Riz MC

Asian Americans don’t have much of representation in music, and so when I see an Asian-American artist whose music I like, I become easily obsessed about everything they are and everything they make. I mean, it’s pure Asian American pride. Even more so, there are very few Asian Americans in hip hop and so I want to dedicate my fifth post to one of my favorite artists, Riz MC or Riz Ahmed.

Funnily enough, I first listened to Riz MC’s collaboration album Cashmere made by him and fellow Asian American rapper Heems, or as they called themselves, the Swet Shop Boys, rather than his older solo album. This album made me fall in love with Riz MC. The album is an eclectic juxtaposition of South Asian inspired music and loaded rap that discusses what it is like to be brown in Western countries. Discrimination against Asian Americans, specifically people of South Asian and Middle Eastern descent is very real and seeing it represented and aired in a very public and creative way is very empowering. My favorite songs include “T5” which discusses TSA targeting, “Shottin'” which discusses the anti-Muslim sentiment, and Din-e-llahi which is a clever and beautiful discussion of identity.

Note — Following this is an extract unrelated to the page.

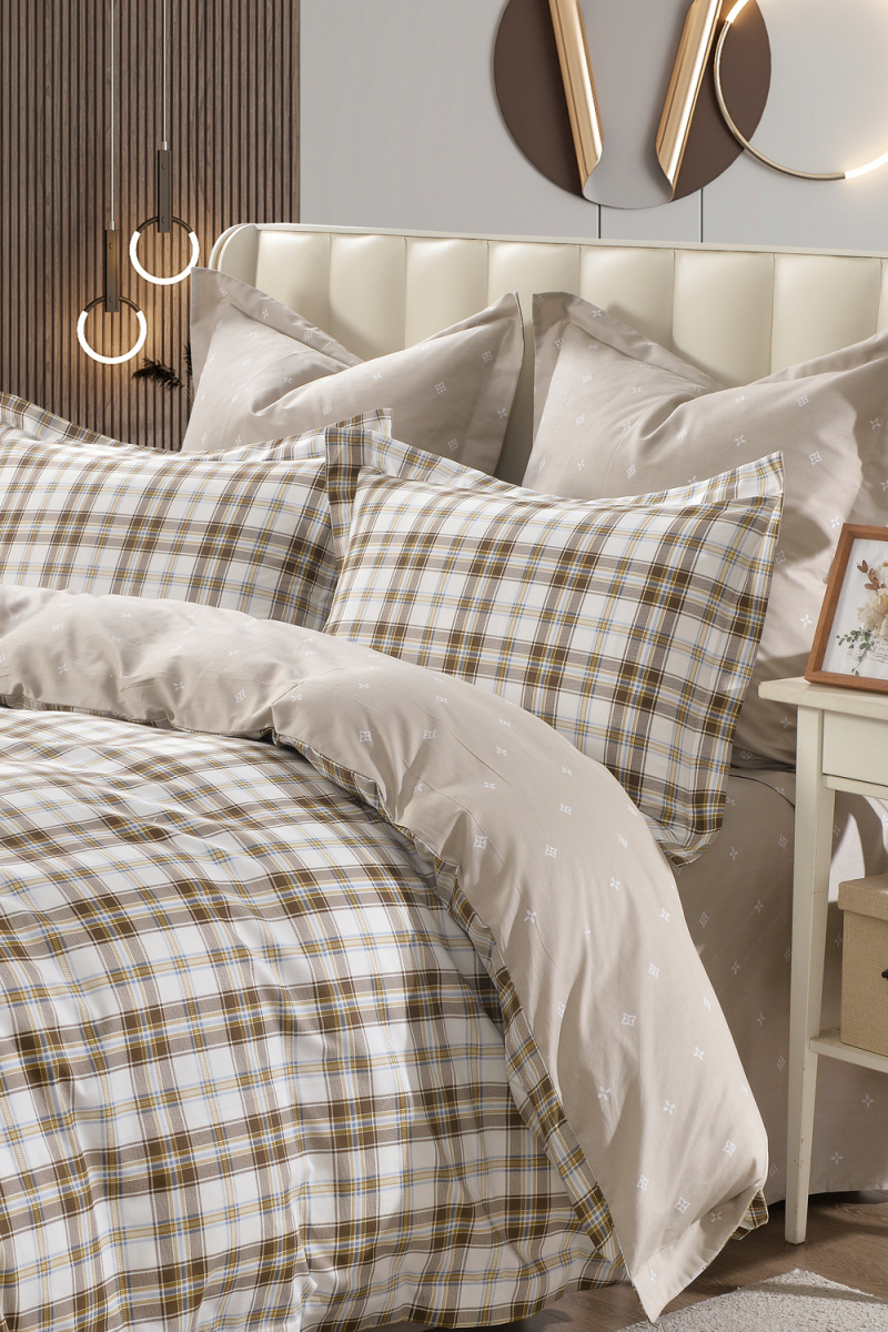 Кроме того, сатин – это излюбленный материал дизайнеров, он никогда не выходит из моды и способен преобразить любой интерьер. Сдержанная классическая клетка в бежевых тонах придаст статусный, изысканный вид Вашей спальне, добавит тепла и уюта утреннему пробуждению.

This album continues to bring about relevant points every time it’s listened through and with the current political climate, the album becomes even more significant. After listening to Riz MC’s collaboration album, I became curious into his previous solo work. Riz MC’s Englistan is a work of art, weaving together a strong statement about the importance and damaging aspects of South Asian culture and bigotry with eloquent, tasteful rap.  The album also involves spoken word with “I Ain’t Even Bein Racist But” meshing together a statement about relations between South Asian culture and the West, specifically in Great Britain.

Outside of music, Riz MC otherwise known as Riz Ahmed is a multi-talented individual. He is a gifted actor, nominated and winning several prestigious awards as well as a passionate activist. He is truly a Renaissance man and it is inspiring to see someone as an Asian American that represents you in popular media.

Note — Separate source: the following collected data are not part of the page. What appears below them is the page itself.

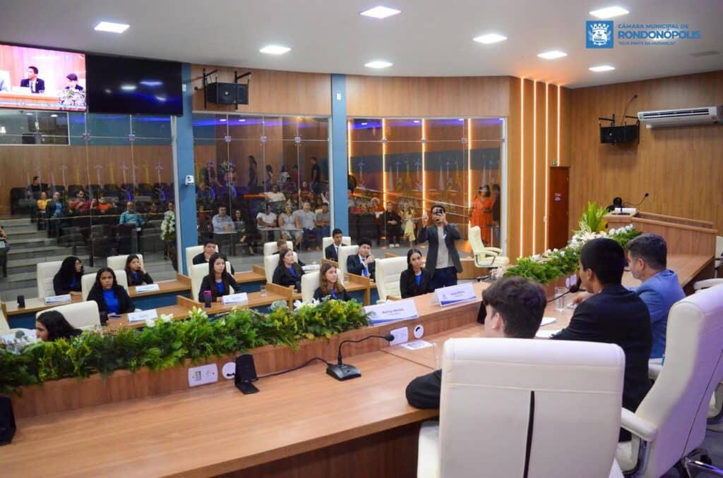 A Câmara Municipal de Rondonópolis realizou, na tarde desta terça-feira (16), a Solenidade de Encerramento da edição 2025 do projeto Vereadores Mirins. A sessão solene marcou o fim das atividades do ano e foi acompanhada pela entrega de Moções de Congratulação a personalidades do município, reconhecendo contribuições relevantes para a comunidade.
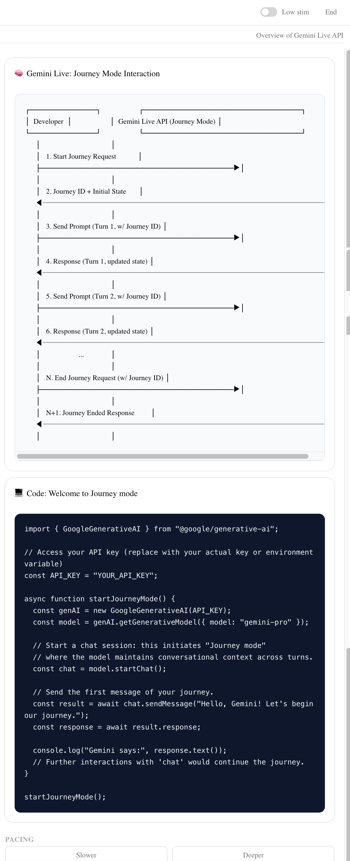 Scene 5 — Visual Companions (~10s) 🖱️ Scroll the right panel so both visual cards are visible. Hold. 🎙️ "Every response generates two visuals — a conceptual diagram that shows how things connect, and a code reference that shows how to use it. My brain doesn't absorb a paragraph and just understand. I need to see the architecture. I need to see the code. Those are two different kinds of understanding, and a lot of us need both at the same time. Gemini generates both in real time."
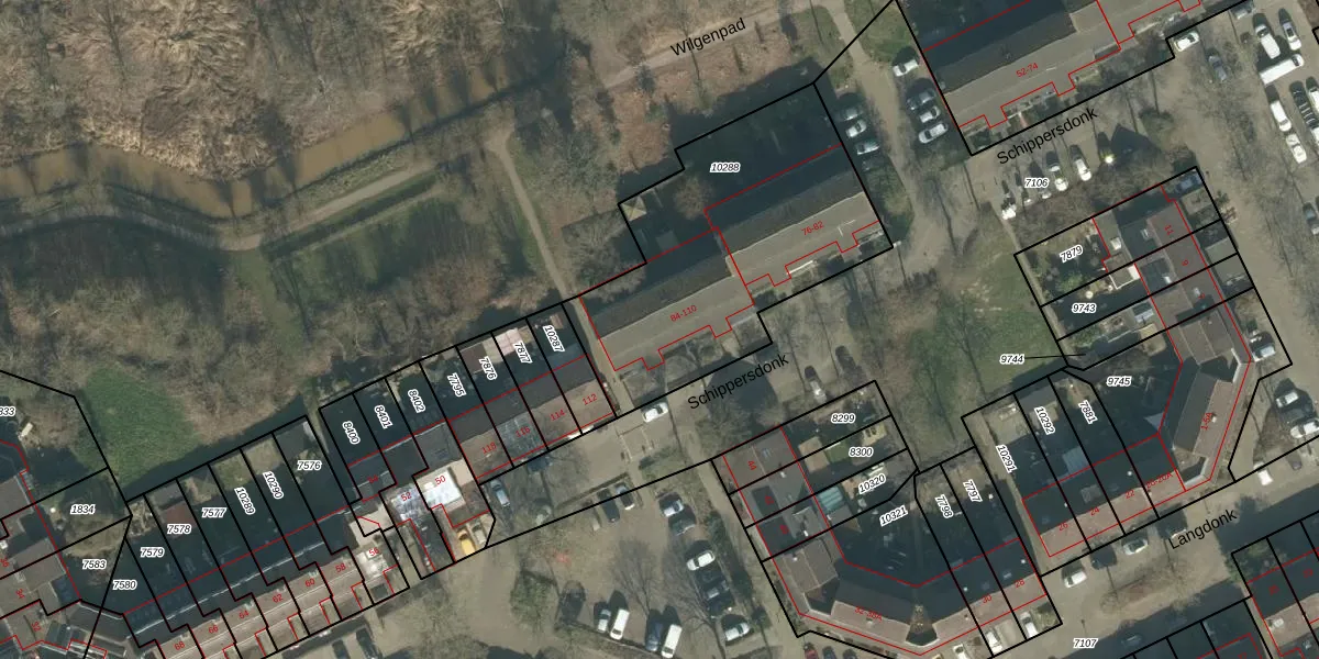 Schippersdonk 102 is gelegen op kadastraal perceel BDA00H10288. Deze kadastrale aanduiding is uniek en wordt gebruikt door het Kadaster om eigendomsrechten en andere zakelijke rechten vast te leggen. Het perceel maakt onderdeel uit van de kadastrale gemeente Breda.

While Riz MC’s music is quite offbeat and unique, it offers a valid and valuable perspective about the challenges of being brown in a Western country juxtaposed with a personal identity discussion. If you’re looking for something different– another minority experience– within a special style of eloquent rap, take a listen to anything by Riz MC.

I know that as a fellow Asian American, I will continue to support Riz MC in all of his ventures proudly.